Fundamental Changes In Consumer Use Of Internet Portals.

Consumers have fundamentally changed how they use portals, treating them as destinations, rather than as gateways to other sites, according to a new study from Booz·Allen & Hamilton. As a result, the study, undertaken by Booz·Allen’s Digital Customer Project, also indicates that leading portals need to adopt new business models to remain financially viable.

The study, The Great Portal Payoff: Matching Internet Marketing to Consumer Behavior, analyzes Internet usage data from NetRatings, the Internet audience measurement and analysis firm, to conclude that marketers must adapt to the new reality of Internet portals – like Yahoo!, AOL and MSN – as destinations, and abandon direct marketing and banner ads in favor of brand building through sponsorships, new service offerings and co-branded ventures, among other methods. At the same time, the portals themselves must redesign their revenue models.

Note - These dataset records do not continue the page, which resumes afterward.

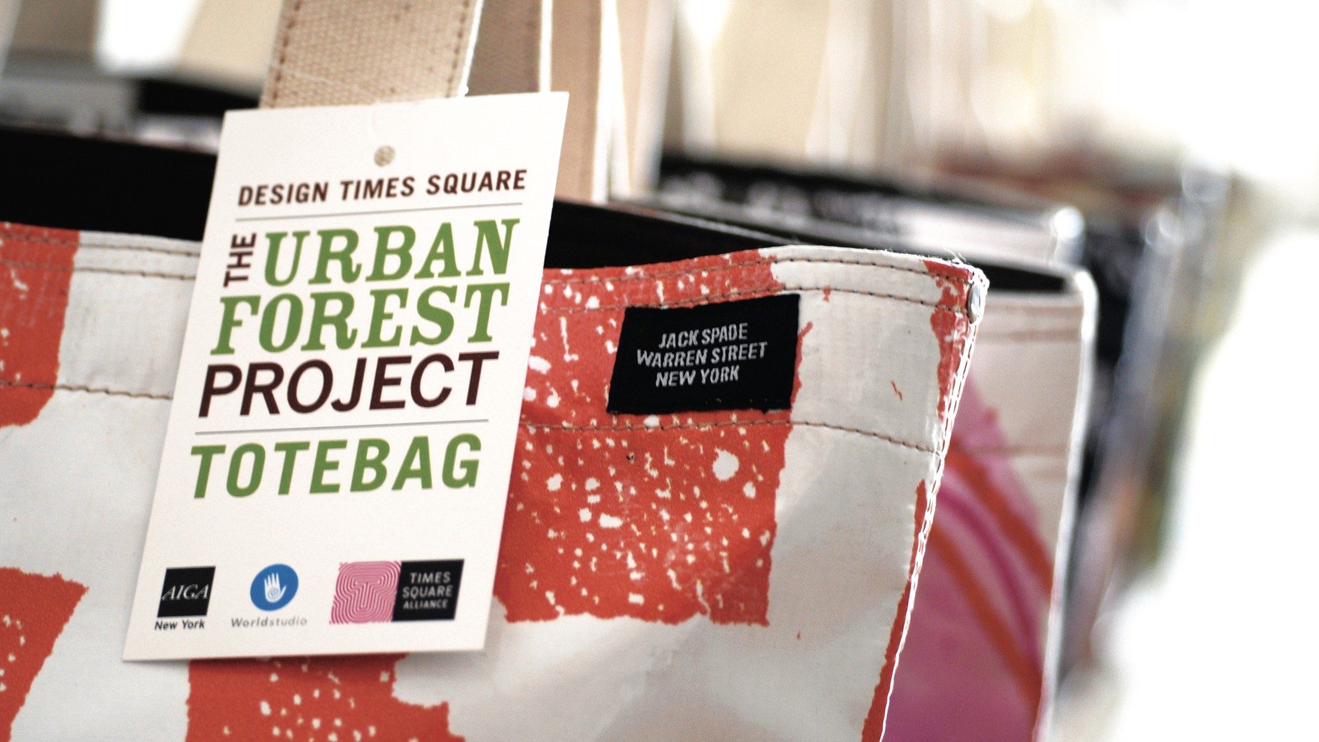 At the close of the exhibition in Times Square, the banners were re-purposed into tote bags by Jack Spade a division of accessories designer Kate Spade.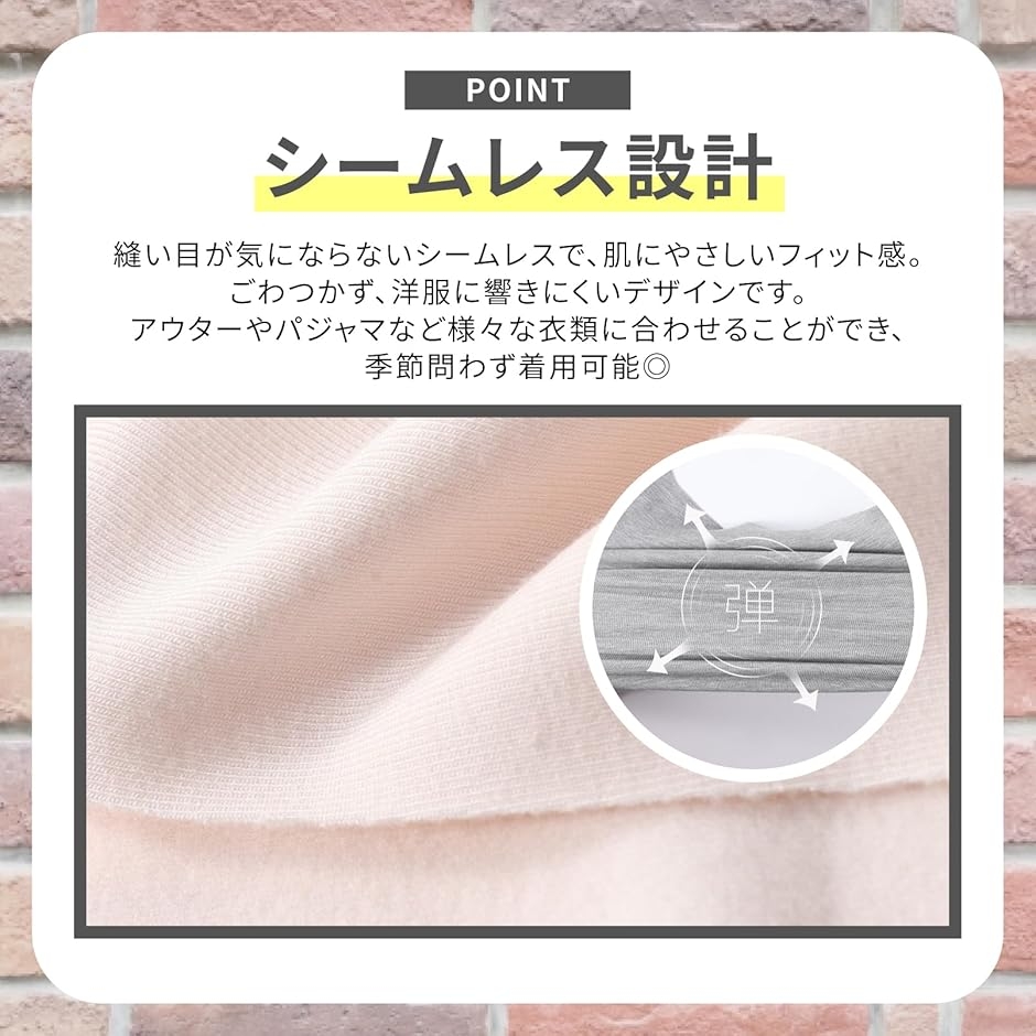 「シームレス設計」縫い目が気にならないシームレスデザインで、肌にやさしいフィット感。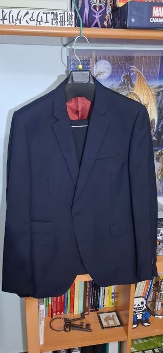 Traje de chaqueta completo Dustin azul marino. Solo una puesta. Estado impecable.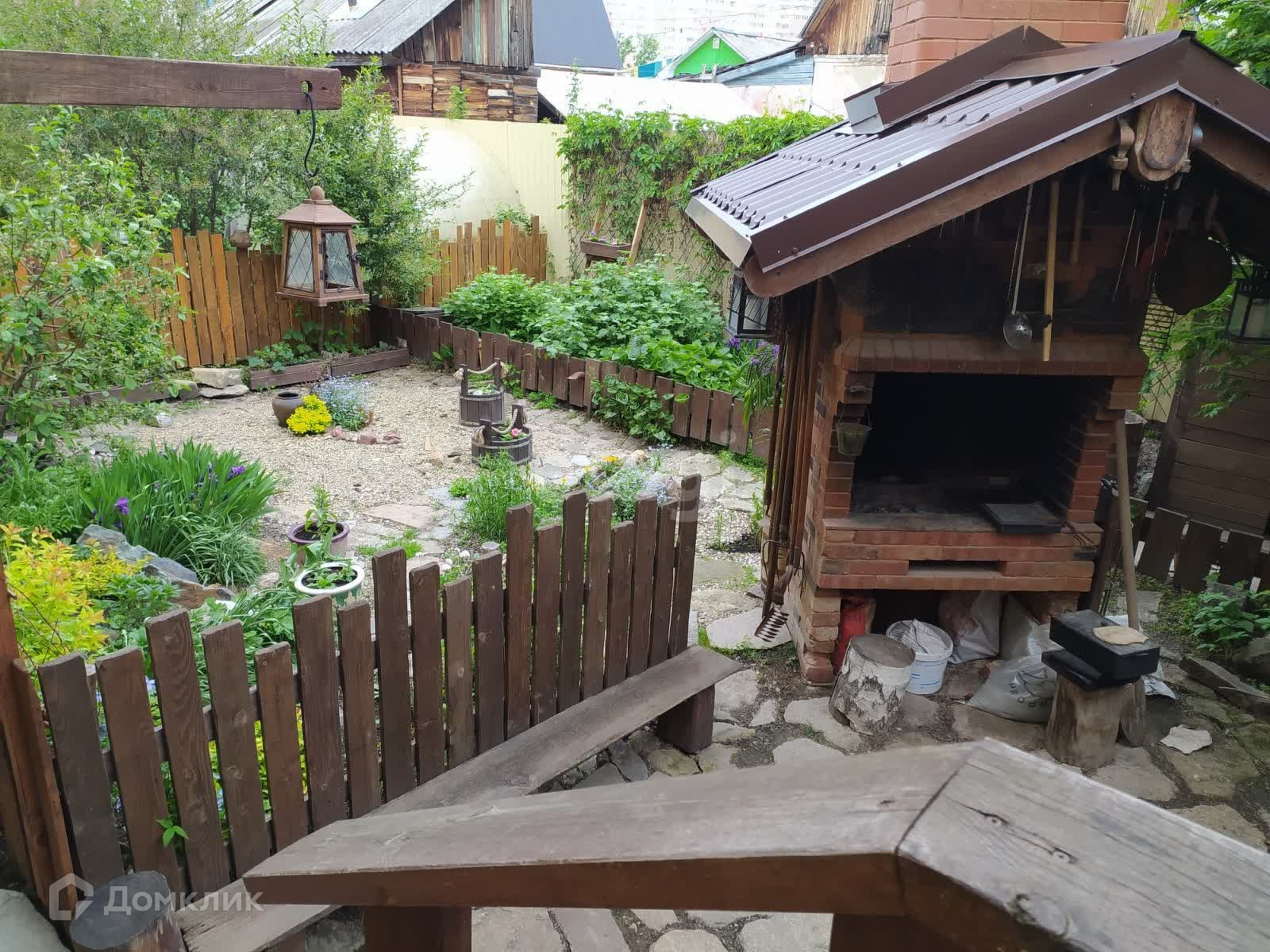 Из котельной выход на задний двор. Зона барбекю, декоративные и плодовые растения.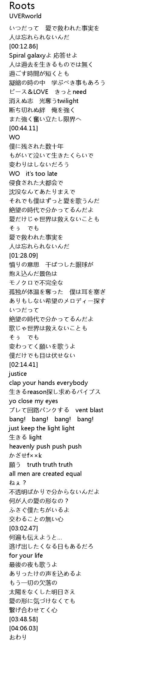 | [00:01.33] | いつだって 愛で救われた事実を |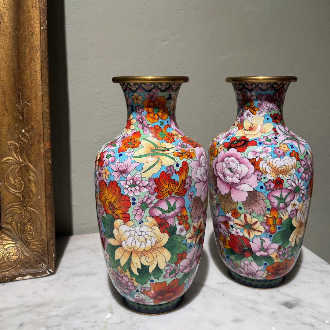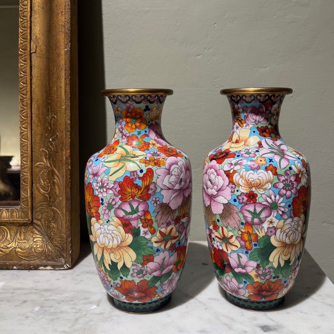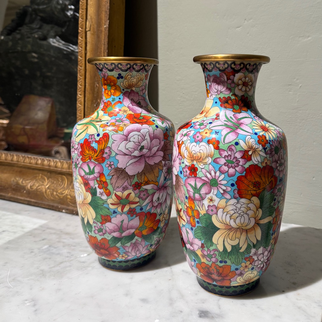 Coppia di vasi in smalto cloisonnè floreali a balaustro. Cina, sec. XX

Portals remain enormously popular. Sixty percent of Internet user sessions include a visit to a portal; by contrast, consumers go to entertainment sites only 22% of the time they access the Web. News and information sites are visited in 20% of user sessions, while shopping sites show up in 17%, and sports sites in only 5%. Users spend far more time at portals than anywhere else – an average of 4½ hours per month, three times more than they spend at shopping or entertainment sites. Virtually all users – 98% – have visited a portal at some point, compared with the 80% who have visited entertainment or information sites, and the 43% who have tried financial sites.

Booz·Allen believes the best way for marketers to capture these “eyeballs” is to treat portals as brand development venues, paying them for the total numbers of impressions they deliver. In addition, companies should consider sponsorships – attaching their names and messages to appropriate parts of a portal site, or creating altogether new sections. For example, Quicken.com sponsors the Money & Investing section of Excite, complete with chat links to Quicken loan consultants. Pepsi and Yahoo teamed up for a Fall promotion in which Yahoo built Pepsistuff.com, a site where consumers redeemed points online for Pepsi merchandise.

Despite this dramatic change, the study found, many portals still cling to an outdated revenue model that relies on advertising payments based in part on click-through rates. Banner ads accounted for half of all Internet advertising in the second quarter of 2000, according to the Internet Advertising Bureau, although click-through rates for banner ads fell more than 40% between October 1999 and October 2000. For example, today only approximately 0.1% of portal visitors click on banner ads, yet Yahoo currently receives 90% of its revenue from ads. Only AOL, which gets 64% of its revenues by selling access to the Internet, does not rely heavily on income from click-through ads.

Study co-author and Booz·Allen & Hamilton Vice President Horacio Rozanski said, “Portals are no longer mere gateways to the Internet, but destinations in and of themselves. Our study found that although 60% of Internet user sessions include a visit to a portal, only 6% of Web sites are accessed through a portal’s search engine. Marketers must start thinking of portals in the same way they think of mass-circulation magazines and television networks – as major centers of commerce and content that draw huge audiences.”

Expanded service offerings also hold great promise. Yahoo Finance and MSN’s MoneyCentral, for example, now offer account aggregation, a service that pulls together all of a user’s financial accounts so they can be seen on a single page. Aggregation sites get a deep view into users’ financial lives, and can cross-sell services tailored to individuals. Banks, brokers, and others are likely to invest heavily to get their brands in front of these affluent users with known financial needs. (Booz·Allen recently issued a report on online account aggregation that showed that
one-third of aggregation customers have selected Internet portals not tied to major financial institutions over the offerings of banks, brokerages and other traditional financial institutions.)

Said Gerry Bollman, Booz·Allen Senior Associate and co-author of the portals study, “Clearly, a revenue strategy centered around banner ads promises little return, and threatens the future financial viability of the portals. But no one should question the potential of portals as an online marketing venue. This research and analysis suggests that by employing alternative strategies, businesses can maximize the yield of their marketing dollars, even reap order-of-magnitude improvements.”